Llegamos a otro lugar parecido, pero esa vez había dos vallas separadas por unos ocho metros. Las cruzamos, cada uno como se pudo. Nadie ayudaba a nadie en ese momento. Seguimos en silencio hasta que llegamos a la orilla del río Bravo, famoso porque se llevó la vida de muchos mojados. El coyote nos ordenó quedarnos «en calzones», hombres y mujeres por igual, y guardar en una bolsa las ropas para evitar que se mojaran. Por las noches el desierto es muy frío y con eso evitábamos enfermar en el trayecto. Todas las prendas que llevábamos eran puestas en una bolsa negra de plástico que venía con el kit de alimentos.
Ese día, para nuestra suerte, el río no estaba muy caudaloso por falta de lluvias. Para cruzar todos debíamos hacer una cadena humana pues si alguien resbalaba lo sostendríamos; esta acción tendría un efecto positivo en todos después, ya que fue una forma de romper el hielo, se empezó a crear un ambiente más fraternal entre todos. Podíamos hablar, pero debíamos hacerlo en voz baja para evitar ser escuchados a la distancia.
Logramos cruzar el río sin incidentes, escondidos en la maleza a la orilla ya del lado estadounidense. Procedimos a vestirnos de nuevo cuando caía la noche. Esperamos un tiempo prudencial porque pudieron habernos visto los agentes fronterizos, y recién nos movilizamos cuando el coyote dijo que ya era seguro continuar.
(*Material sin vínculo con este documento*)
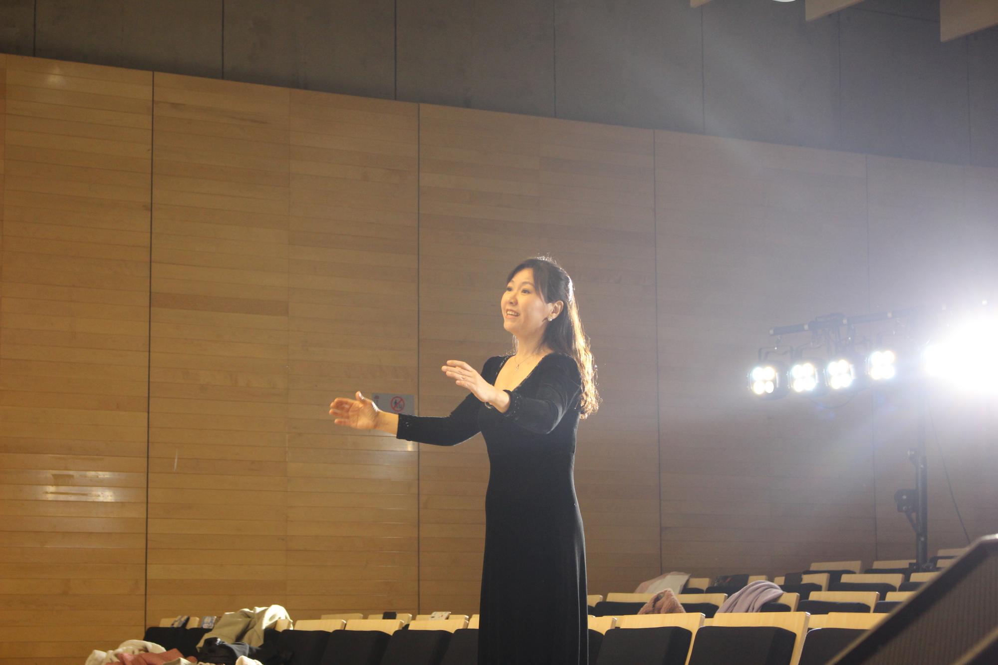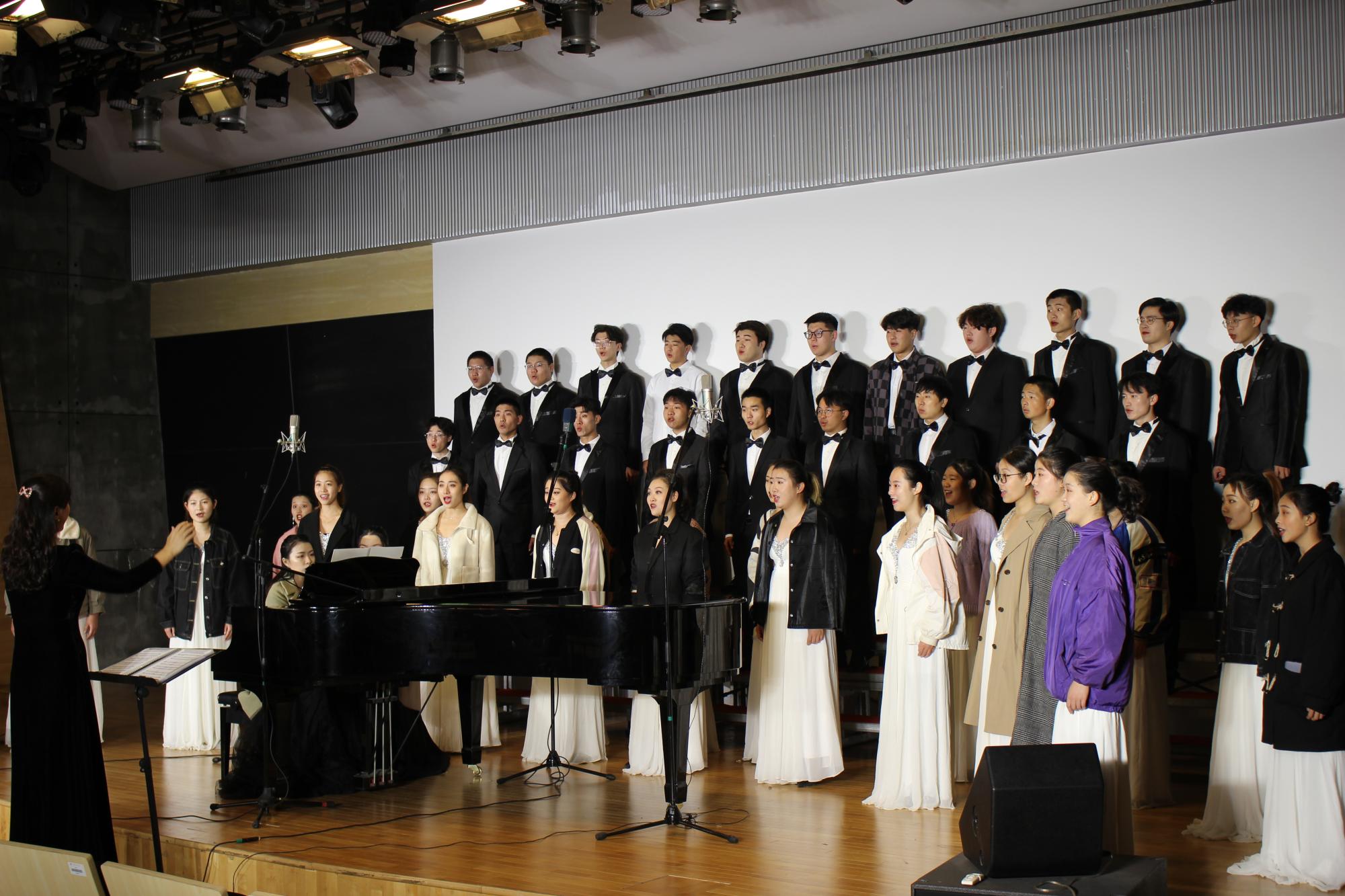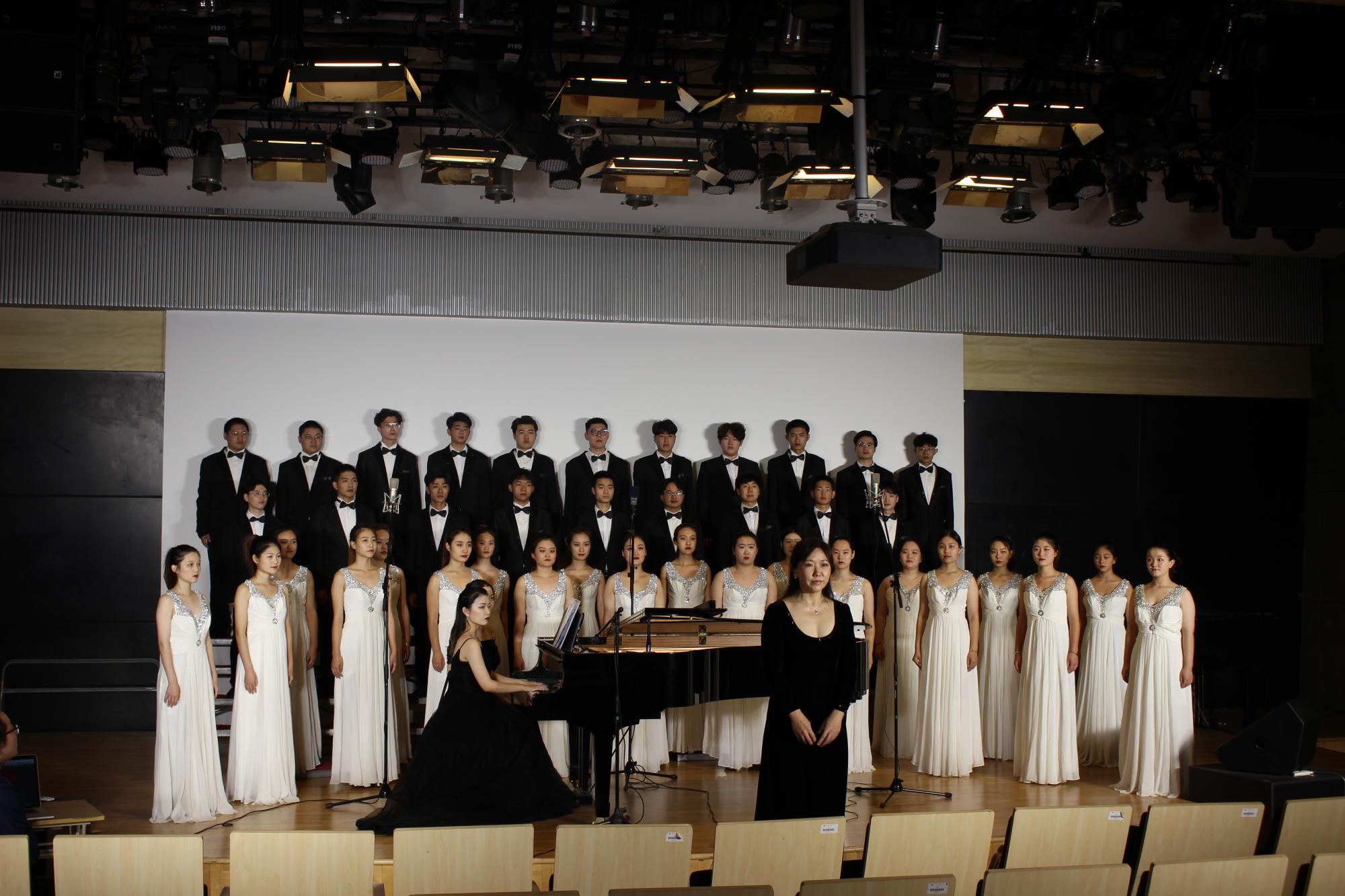 从节目彩排到正式录制,朱文老师和徐登峰老师就台上人员占位、人员间隔、演出空间的紧密程度等几个方面,对参演学生进行指导,以达到演出的高标准要求。朱文老师在一遍节目录制后,针对演出过程中出现的问题进行修正与改进,针对每个演出人员的神态与表情等细节部分进行调整,以保证录制效果。徐登峰老师全程调整节目的录制,在帮助现场录像的同时,根据节目内容、表达内涵、整体风格以及节目排练和最终录制前出现的问题,结合自己的专业知识,提出指导意见。刘子昱老师则从观众视角分析音乐的传达与力量的感染,并点明演出过程中存在的问题,提高录像呈现的艺术性。张如成老师在现场灯光与画面美感等方面提出相关意见,强调在空间上要体现层次感,展现出每一位演出者的风采。录制过程中参演同学密切配合,各司其职。两位钢琴演奏者更是默契十足,男女高低声部此起彼伏,黑白搭配的服装给人视觉冲击,美丽妆容亦给人心灵享受。

Esa primera noche caminamos hasta el amanecer. Las roderas en la arena me daban a entender que ese era el trayecto que utilizaban los agentes fronterizos para su patrulla en vehículos todo terreno.
Cuando empezó a clarear nos desviamos unos cien metros del camino rural para ocultarnos en la maleza y descansar sin peligro de que nos vieran los agentes.
—Traten de descansar, aprovechen para comer algo sin abusar, hidratarse y dormir, porque tenemos una larga noche de caminata por delante —recomendó el coyote.
Así lo hicimos, pero dormir resultaba un poco difícil por la horda de insectos que revoloteaban alrededor. A lo largo del día escuchábamos aviones a lo lejos y lo que parecía ser el sonido de helicópteros haciendo patrullaje por los alrededores. Nosotros, bien ocultos, no fuimos divisados. Llegó la tarde, empezaba a oscurecer y a la segunda noche volvimos al camino rural.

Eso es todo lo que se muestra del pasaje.